**Material provided**.
* * *
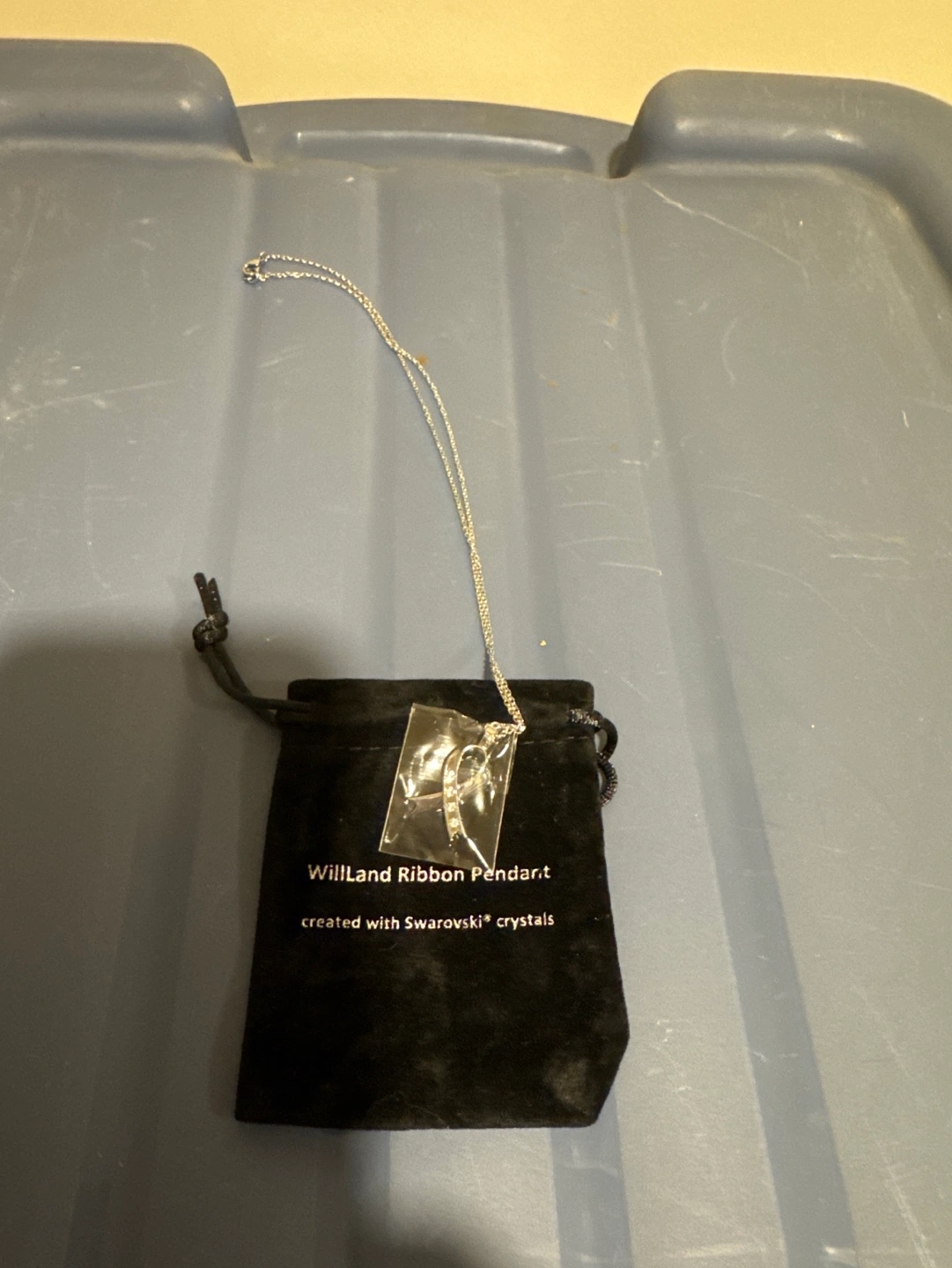 Silver-tone ribbon pendant necklace. Features clear crystals. Comes with a black velvet pouch. New, never worn.
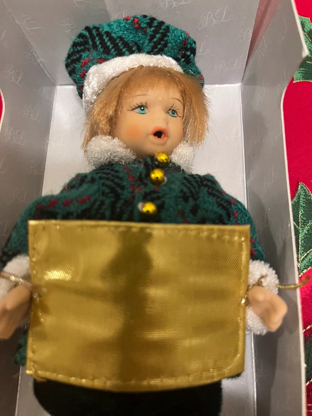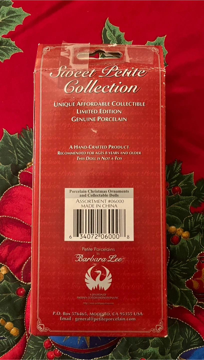This is a charming, petite porcelain doll from the Barbara Lee 'Sweet Petite Collection', featuring 'Zachary' in a festive green plaid outfit, complete with a hat and gold sash. Although this collectable is in used condition, it has been carefully stored in its original box, which is included, ensuring it remains a delightful piece for collectors or as a unique decorative item.
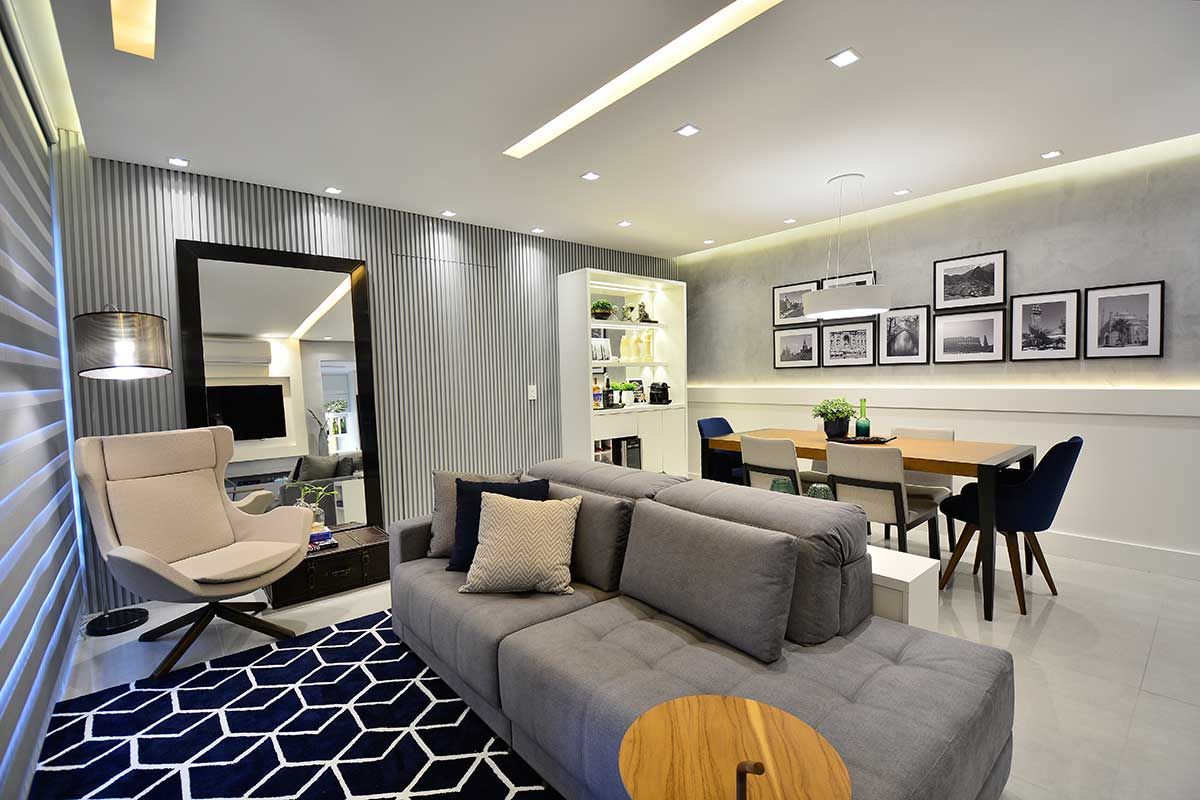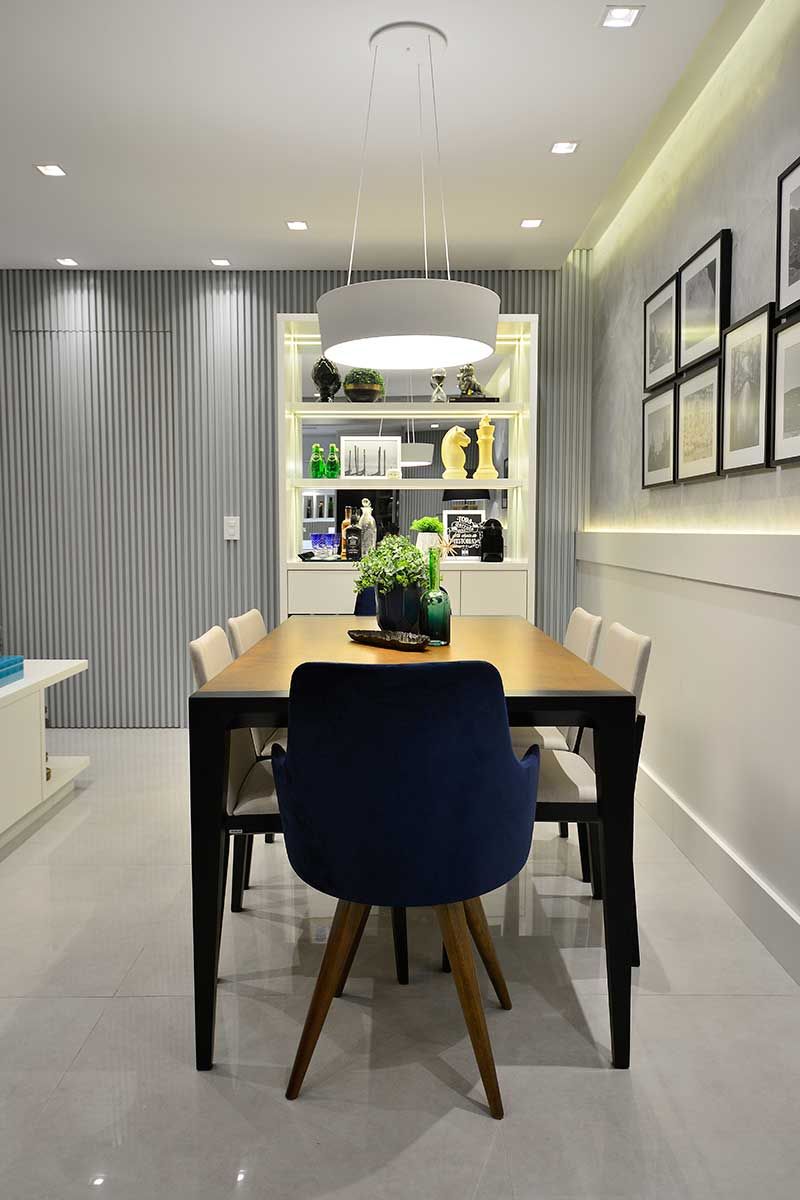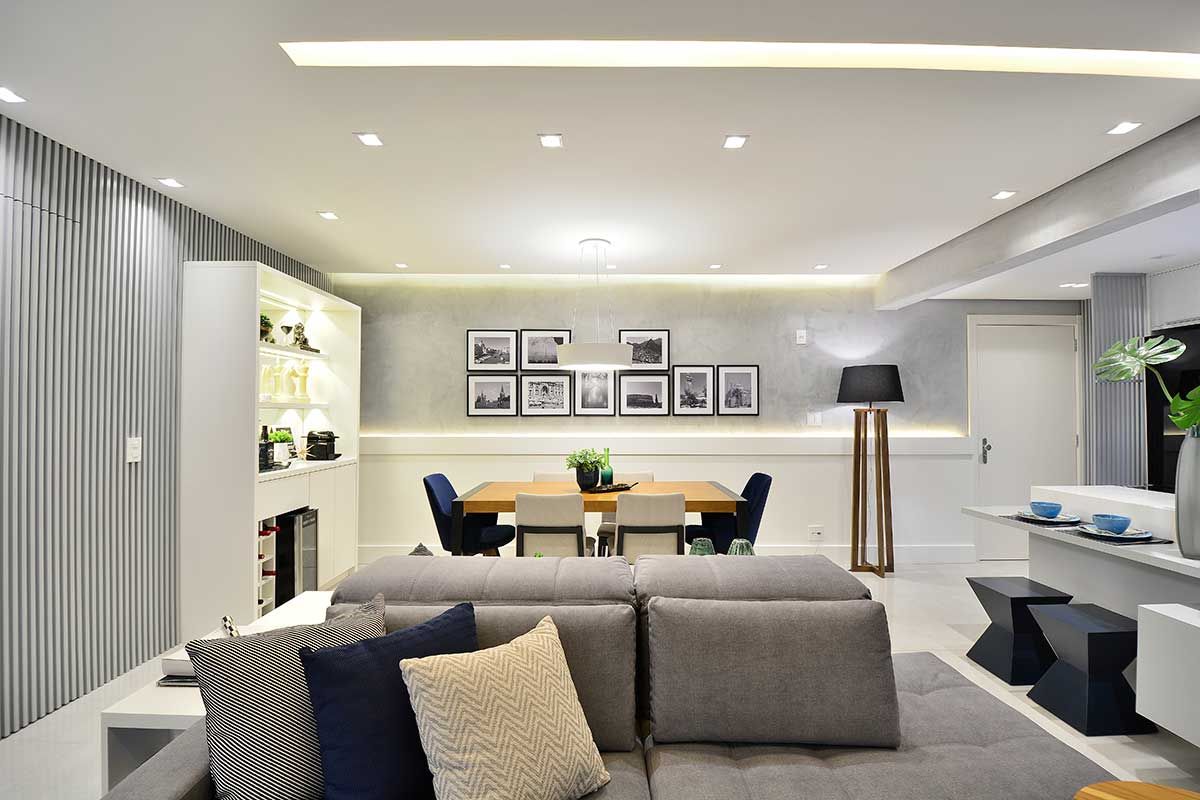 Com a intenção de destacar a área social e ocultar a área íntima, projetamos um painel ripado em toda a extensão da parede, onde o vão de acesso fica encoberto por porta camuflada.
* * *
**Exercise instructions**. Word for word, print all of the data; skip the pictures.

**Expected answer**.
 Silver-tone ribbon pendant necklace. Features clear crystals. Comes with a black velvet pouch. New, never worn.
This is a charming, petite porcelain doll from the Barbara Lee 'Sweet Petite Collection', featuring 'Zachary' in a festive green plaid outfit, complete with a hat and gold sash. Although this collectable is in used condition, it has been carefully stored in its original box, which is included, ensuring it remains a delightful piece for collectors or as a unique decorative item.
 Com a intenção de destacar a área social e ocultar a área íntima, projetamos um painel ripado em toda a extensão da parede, onde o vão de acesso fica encoberto por porta camuflada.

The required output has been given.